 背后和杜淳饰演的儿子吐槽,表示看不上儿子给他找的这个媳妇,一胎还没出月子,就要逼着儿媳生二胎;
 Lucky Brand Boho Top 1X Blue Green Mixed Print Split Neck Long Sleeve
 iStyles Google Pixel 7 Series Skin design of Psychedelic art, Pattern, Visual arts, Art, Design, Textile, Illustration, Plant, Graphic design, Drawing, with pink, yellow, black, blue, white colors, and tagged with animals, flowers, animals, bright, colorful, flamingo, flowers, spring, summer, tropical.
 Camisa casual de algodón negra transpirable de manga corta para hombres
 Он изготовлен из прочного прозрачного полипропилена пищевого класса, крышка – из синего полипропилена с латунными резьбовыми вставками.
━━━━
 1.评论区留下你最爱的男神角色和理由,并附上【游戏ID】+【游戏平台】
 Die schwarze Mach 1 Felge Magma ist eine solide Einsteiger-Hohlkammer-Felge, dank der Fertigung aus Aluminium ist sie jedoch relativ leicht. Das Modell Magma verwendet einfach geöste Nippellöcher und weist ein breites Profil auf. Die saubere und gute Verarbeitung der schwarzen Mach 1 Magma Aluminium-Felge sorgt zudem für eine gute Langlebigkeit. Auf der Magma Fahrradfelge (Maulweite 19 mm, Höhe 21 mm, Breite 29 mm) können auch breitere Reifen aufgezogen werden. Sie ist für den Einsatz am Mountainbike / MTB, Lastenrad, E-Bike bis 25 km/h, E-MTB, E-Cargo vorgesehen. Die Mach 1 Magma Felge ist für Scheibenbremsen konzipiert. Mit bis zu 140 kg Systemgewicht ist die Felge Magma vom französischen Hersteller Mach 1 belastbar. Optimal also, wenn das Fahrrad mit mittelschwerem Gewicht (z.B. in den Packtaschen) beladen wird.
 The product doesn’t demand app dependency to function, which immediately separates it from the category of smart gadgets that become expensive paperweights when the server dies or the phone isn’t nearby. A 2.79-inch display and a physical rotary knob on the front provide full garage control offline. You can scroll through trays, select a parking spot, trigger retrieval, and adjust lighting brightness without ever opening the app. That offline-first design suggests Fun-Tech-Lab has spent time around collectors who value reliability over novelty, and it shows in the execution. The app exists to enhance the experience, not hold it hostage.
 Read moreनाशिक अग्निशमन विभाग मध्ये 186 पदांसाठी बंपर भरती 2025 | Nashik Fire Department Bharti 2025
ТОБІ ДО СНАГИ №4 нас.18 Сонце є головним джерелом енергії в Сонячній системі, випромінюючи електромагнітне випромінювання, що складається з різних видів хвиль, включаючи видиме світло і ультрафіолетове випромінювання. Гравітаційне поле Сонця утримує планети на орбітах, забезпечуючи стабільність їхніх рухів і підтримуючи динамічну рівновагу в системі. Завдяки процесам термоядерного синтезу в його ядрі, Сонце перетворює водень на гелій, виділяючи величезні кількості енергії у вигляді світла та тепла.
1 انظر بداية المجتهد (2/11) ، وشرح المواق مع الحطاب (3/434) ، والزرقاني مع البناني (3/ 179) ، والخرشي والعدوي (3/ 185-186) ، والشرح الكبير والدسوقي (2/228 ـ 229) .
━━━━
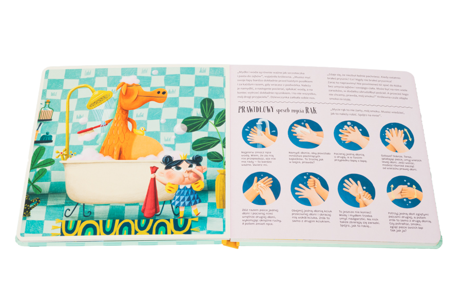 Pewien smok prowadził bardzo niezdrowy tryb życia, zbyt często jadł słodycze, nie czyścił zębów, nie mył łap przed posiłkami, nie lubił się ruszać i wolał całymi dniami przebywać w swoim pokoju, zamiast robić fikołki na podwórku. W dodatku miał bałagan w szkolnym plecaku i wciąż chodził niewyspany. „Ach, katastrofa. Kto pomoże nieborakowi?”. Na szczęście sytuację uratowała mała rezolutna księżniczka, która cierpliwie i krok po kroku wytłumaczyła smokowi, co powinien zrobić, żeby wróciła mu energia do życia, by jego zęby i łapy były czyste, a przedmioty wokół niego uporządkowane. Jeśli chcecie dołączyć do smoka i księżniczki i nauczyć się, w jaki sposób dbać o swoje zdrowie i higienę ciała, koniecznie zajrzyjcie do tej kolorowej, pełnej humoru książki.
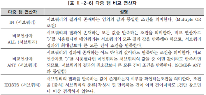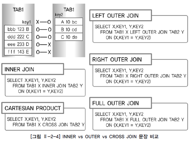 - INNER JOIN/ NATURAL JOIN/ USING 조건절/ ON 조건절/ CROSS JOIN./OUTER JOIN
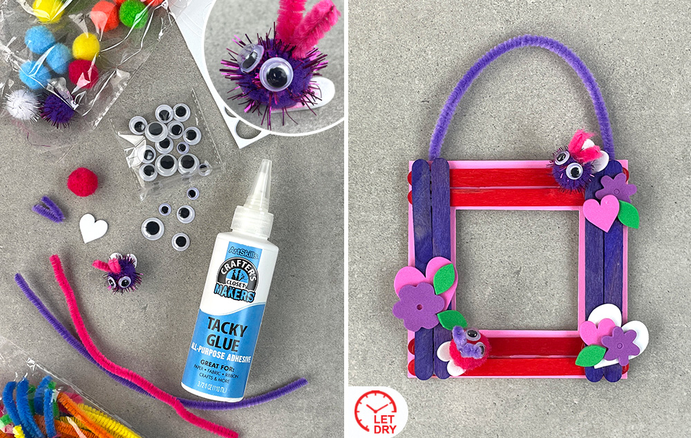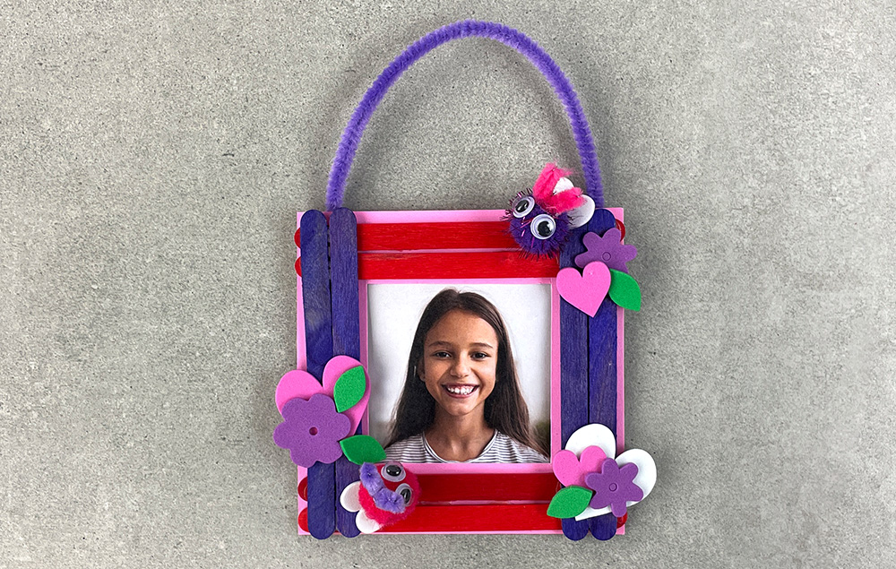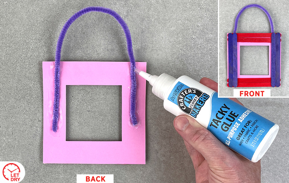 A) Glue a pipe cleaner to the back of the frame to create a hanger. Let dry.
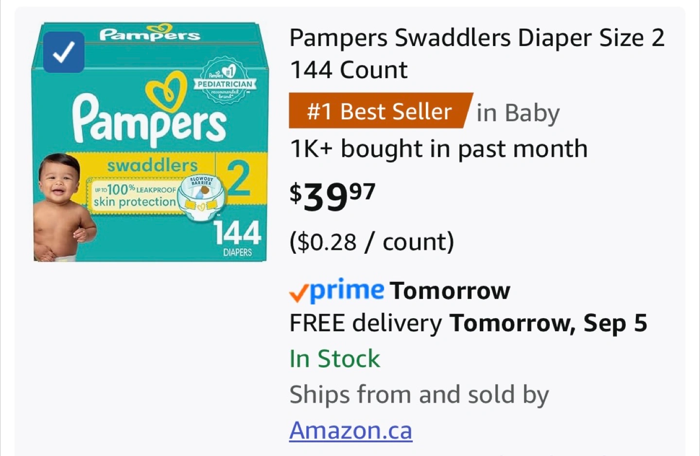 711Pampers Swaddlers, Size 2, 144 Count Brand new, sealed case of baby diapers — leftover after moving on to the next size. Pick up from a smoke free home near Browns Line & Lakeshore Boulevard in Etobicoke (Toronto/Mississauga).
━━━━
## What this task involves
Beginning at the line above with "背后和杜淳饰演的儿子吐槽,表" and finishing at the line with "Camisa casual de", return each line exactly and return nothing else.

## Completed task
 背后和杜淳饰演的儿子吐槽,表示看不上儿子给他找的这个媳妇,一胎还没出月子,就要逼着儿媳生二胎;
 Lucky Brand Boho Top 1X Blue Green Mixed Print Split Neck Long Sleeve
 iStyles Google Pixel 7 Series Skin design of Psychedelic art, Pattern, Visual arts, Art, Design, Textile, Illustration, Plant, Graphic design, Drawing, with pink, yellow, black, blue, white colors, and tagged with animals, flowers, animals, bright, colorful, flamingo, flowers, spring, summer, tropical.
 Camisa casual de algodón negra transpirable de manga corta para hombres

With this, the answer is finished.